Problem to work on
Each line below should be repeated exactly as written, with no pictures carried over.

Data segment
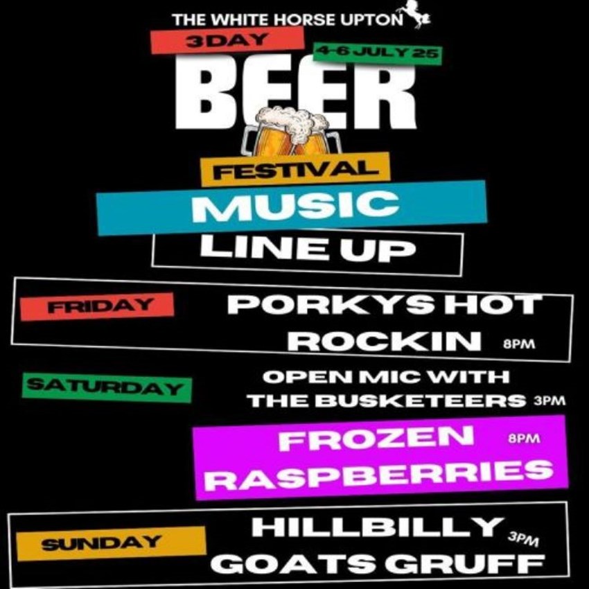 Voted the 2025 Broadland Pub of the Year, The White Horse, Upton, is hosting a live music festival from Friday 4th to Sunday 6th JulyEnjoy a selection of 30 local and regional cask ales from our garden beer marquee and pub tap room, plus a great choice of traditional and flavoured draft ciders, all at reduced festival pricesFor your entertainment, we welcome the return to Upton on Friday night of PORKY'S HOT ROCKIN' band, kicking off the party in styleSaturday afternoon we welcome on stage THE THREE BUSKETEERS, who will be entertaining you with an open mic session, followed in the evening by THE FROZEN RASPBERRIES, a four piece funky fun loving rock bandThe festival continues through Sunday afternoon with another White Horse regular, the sensational HILLBILLY GOATS GRUFFEnjoy a selection of festival basket food all weekend, and of course our usual extensive range of wines, spirits lagers and soft drinksWhatever the weather, we've got you covered in our large beer garden or spacious marquee, so come down to Upton and join in the fun!
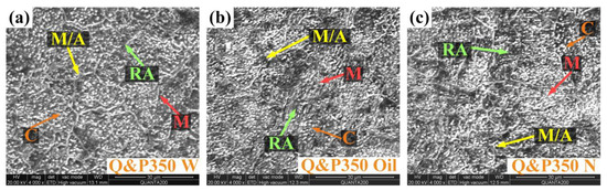 Microstructural morphology of (a) Q&P350 W, (b) Q&P350 Oil, and (c) Q&P350 N, C: carbide precipitate, M: martensite, M/A: martensite/austenite (M/A) islands, N: normalizing, RA: retained austenite, W: water.
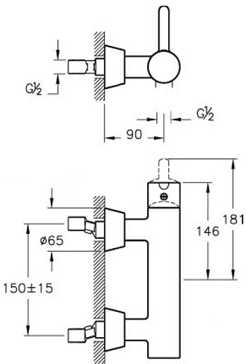 - настенный монтаж на два отверстия

Answer to the problem
 Voted the 2025 Broadland Pub of the Year, The White Horse, Upton, is hosting a live music festival from Friday 4th to Sunday 6th JulyEnjoy a selection of 30 local and regional cask ales from our garden beer marquee and pub tap room, plus a great choice of traditional and flavoured draft ciders, all at reduced festival pricesFor your entertainment, we welcome the return to Upton on Friday night of PORKY'S HOT ROCKIN' band, kicking off the party in styleSaturday afternoon we welcome on stage THE THREE BUSKETEERS, who will be entertaining you with an open mic session, followed in the evening by THE FROZEN RASPBERRIES, a four piece funky fun loving rock bandThe festival continues through Sunday afternoon with another White Horse regular, the sensational HILLBILLY GOATS GRUFFEnjoy a selection of festival basket food all weekend, and of course our usual extensive range of wines, spirits lagers and soft drinksWhatever the weather, we've got you covered in our large beer garden or spacious marquee, so come down to Upton and join in the fun!
 Microstructural morphology of (a) Q&P350 W, (b) Q&P350 Oil, and (c) Q&P350 N, C: carbide precipitate, M: martensite, M/A: martensite/austenite (M/A) islands, N: normalizing, RA: retained austenite, W: water.
 - настенный монтаж на два отверстия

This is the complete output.